Here are two things that will never change:
1) My heart – I’ll still be that selfless person who would do anything to help a loved one.
2) My faith – Yes, I believe in God, that will never change.

Everything else is subject to and will most likely get some revamping.
Thanks for your support while I figure things out.

 

The Reason

become-who-you-are-life-quote-life-quotes-quote-quotes-who-you-are-Favim.com-59611

Not that anyone in particular will ever read this, but I figured I should post a reason why I started this. Not that I need to give an explanation for starting this at all…I don’t owe you anything. Nevertheless…here it is; I need to a place to vent. Whether or not doing it in this particular way is best, is yet to be seen, but, I figured it at least deserves a shot.

So…let us start with this. Today, is a new day. Today I stop being “afraid” of being me and apologizing for who I am not or what I have yet to become. I recently read a quote, or meme, or what have you that stated this: “Disclaimer, I am a real person. I am no longer afraid to say what makes me angry, sad or what I think is unfair. I’m not scared, to admit that at times, I feel worthless, lost or not enough. I’m not hiding from the word love, life or magic, and I will not edit the sad angry or fucked up parts of my story. I am a real person. I struggle and I sparkle. I am a real person.”. This is the “theme” of this blog.

This is an outlet of sorts. I will be posting things about my life, experiences, ideas, struggles, the whole nine yards. My hope is that through all of this I will be able to, in a healthy way, release all the things going on in my brain.

I’m not doing this for anyone but myself. If, for some odd coincidence individuals end up reading what I have written, then so be it. However it is not what I’m after. I’m not seeking attention, and this is not a cry for help. This is me, fully exposed and unedited, trying to help myself in a way that I think could work out beautifully.

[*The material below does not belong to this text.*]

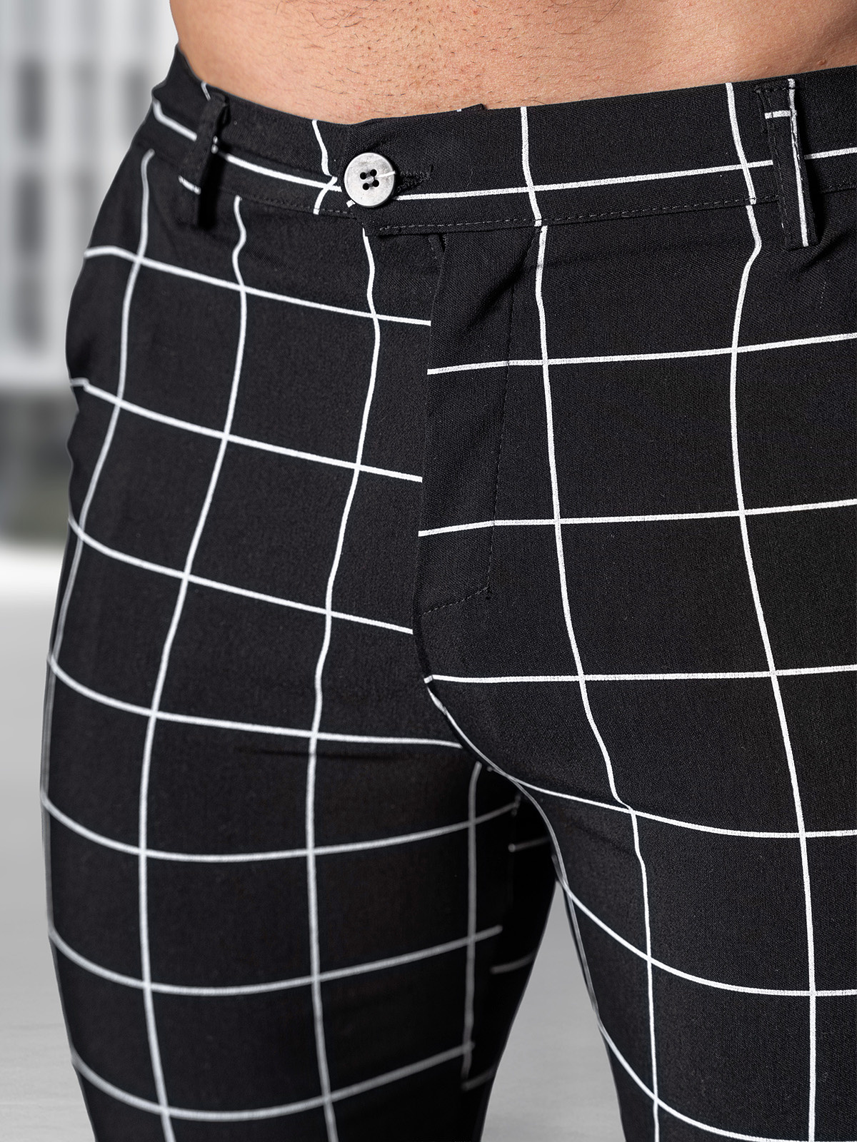 Kalhoty mají střih slim fit , tedy s úzkými nohavicemi. Zdobí je univerzální, nadčasový károvaný vzor. Na přední i zadní straně kalhot jsou praktické kapsy, kam schováte potřebné drobnosti, jako jsou klíče, telefon nebo peněženka. Kalhoty jsou vyrobeny z kombinace umělého hedvábí, nylonu a elastanu, díky čemuž krásně padnou na postavu, nemačkají se a rychle schnou.

I am, and forever will be Melissa, that will never change. Maybe, just maybe I’ll be able to figure out why I am the way I am, or find out small details about myself I never realized. For now, I’m trying to enjoy the search, and trying to assure myself that for the moment it’s okay to not know certain things.

I’ll end with something I came across scrolling through Pinterest or Facebook (honestly, I can’t remember) one evening.

“Who taught you to be small? Who taught you that those cracks were flaws? Taught you that your light couldn’t shine through the fractures and scars? Who told you to accept what you were given and did not want? Told you that any love was better than searching for the one only meant for you? The one that has always been inside yourself. Do not listen to them. Their mouths are full of turpentine and cyanide. They will strip all the gold from your feathered limbs and leave you unraveled-all pock marked, pink-skinned, and alabaster boned. You were not made to be grounded. You need the crisp air, a belly full of laughter, a heart carrying so much love you feel the seams stretching. Mostly, you need to realize that one by one the population has swelled to billions, but even still you were hand selected, all beauty and flaw, to never be replicated. You are the finest art to have ever been created.” ~ Tyler Kent White

I will no longer be small. I will no longer accept mediocrity and ordinary. I was born to stand out, and that’s exactly what I plan to do.